Achieving Enterprise Data Awareness is a natural maturity progression within the governance domain. At this stage, companies rightly see Data Governance and Information Governance as a large metadata puzzle. Governance implementations can be defined as a series of business rules (metadata) using terms such as system of record, subject area, Data Owners, and Data Stewards. Projects typically involve the collection of these business rules where (it?) lies hidden in a spreadsheet or other metadata repository. There are no short cuts (think metadata tools) to gaining awareness of your data. Solving the metadata puzzle will greatly enhance the ability of Data and Information Governance to capture business value, empower IT, and reduce organizational risk.
Operating with awareness is a hallmark of the Lean Thinking discipline. This takes us back to our days of working with manufacturing clients who had no clue about what was stored where. Our engagements were focused on the data aspects of ERP systems as the clients moved toward Lean Manufacturing in the hope of survival in a changing world. In past columns, we have discussed the art of materials management on the factory floor and how the same principles directly apply to data inventory. The goal in all cases is to have high confidence in the inventory, including classification, availability, quality, ownership, and use.
The concept of Lean Manufacturing is decades old, but is still in its infancy as it relates to Enterprise Data Management. The path to enlightenment starts with answering basic questions on data landscape, including:
- What is the governance relationship between a business and their data?
- Can you differentiate between your critical data lineage and the technical noise?
- Within the stewardship model, which department is accountable for key data?
- Where is all confidential data stored, and who has access to it?
- What is the relationship between structured and unstructured data?

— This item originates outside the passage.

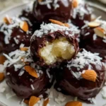 Delightful homemade snacks featuring a chewy coconut base, rich dark chocolate, and crunchy almonds, perfect for satisfying your sweet tooth.
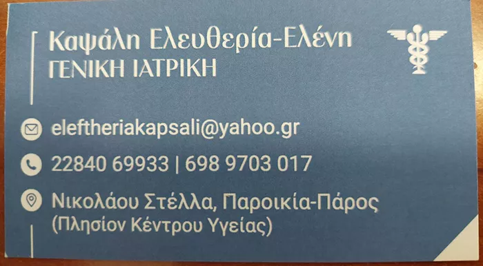 Η Γενική Ιατρός κα. Ελευθερία Καψάλη είναι Πτυχιούχος Ιατρικής σχολής της L'Aquila της Ιταλίας. Ειδικευόμενη στην Γενική/Οικογενειακή Ιατρική. Υπηρεσίες κατόπιν ραντεβού. Για επείγοντα περιστατικά και κατ' οίκον επίσκεψη, όλο το 24ωρο, κατόπιν τηλεφωνικής επικοινωνίας στο τηλ.: 6989703017

- Why haven’t our governance tools delivered their promised results?
At Meta Governance, we utilize an Awareness Matrix which offers a visualization of the relationship between business and their data. This matrix is simply the intersection between a subject area of data (domain), an organization unit, and a governance role. To help organizations adapt to changing business needs this intersection is defined as metadata in a database. In previous columns we have discussed the power of this Awareness Matrix as it applied to Enterprise Risk Management and Operations.
Registered Governance Stakeholders is the next term in our arsenal to enable Enterprise Data Awareness. Any of the various governance roles such as owner and consumer of a subject area of data would be considered a stakeholder. Registration initially occurs when the department acknowledges their dependency on the data. Registration is finalized when there is an intersection in the database of this class of governance metadata. Mature governance implementations treat this registration as a formal process, something built into the corporate culture. This creates a lasting covenant between the owners and consumers of data.
Years ago, Data Sharing agreements were the norm. This was an outstanding idea to cement the relationship between producers and consumers of data. A formal contract included employee performance goals and targets. But alas, these controls were doomed to fail often because of the dynamic relationships in business that are impossible to track in a spreadsheet or procedure. Despite high expectations that these contracts would form the basis for an effective Data Governance communication plan expectations were rarely met.
The value of failure is what we can learn from it. Researching the experience of these Data Sharing agreements has led to insights into key aspects of data awareness. These folks were on the right path, but their implementation failed to leverage the power of metadata and relational database technology. Today, this technology creates the Awareness Matrix. The discipline of registering stakeholders creates a framework for an effective communication plan driven by metadata to target notification. Like any social media blitz, various forms of AI can be leveraged to really hone your message to reach specific stakeholder interests.
The last major component of awareness deals with data quality. Think minimum quality standards, the critical measurement in Lean Manufacturing which we now apply to data quality. The minimum quality is defined in the eyes of the consumer. Consumers in this case being Data Scientists, Risk Managers, and even External Auditors or Regulators. These people will help you set the minimum quality standards for your organization. Striving for a level of data quality that exceeds the minimum standards just consumes vast amounts of time, resources, and money. The Pareto effect, or the 80/20 rule, is alive and well in the world of Lean Thinking.
Imagine a world where awareness of the current state of data quality that is dynamically distributed to your Registered Governance Stakeholders is based on their actual business needs and quality expectations. This level of governance metadata integration is key to getting more from your hidden data assets, improving response time and accountability, and reducing operational risk. These are real results to be gained through Enterprise Data Awareness. In the next column, we will expand on integration data quality standards and approaches under the umbrella of Lean Governance.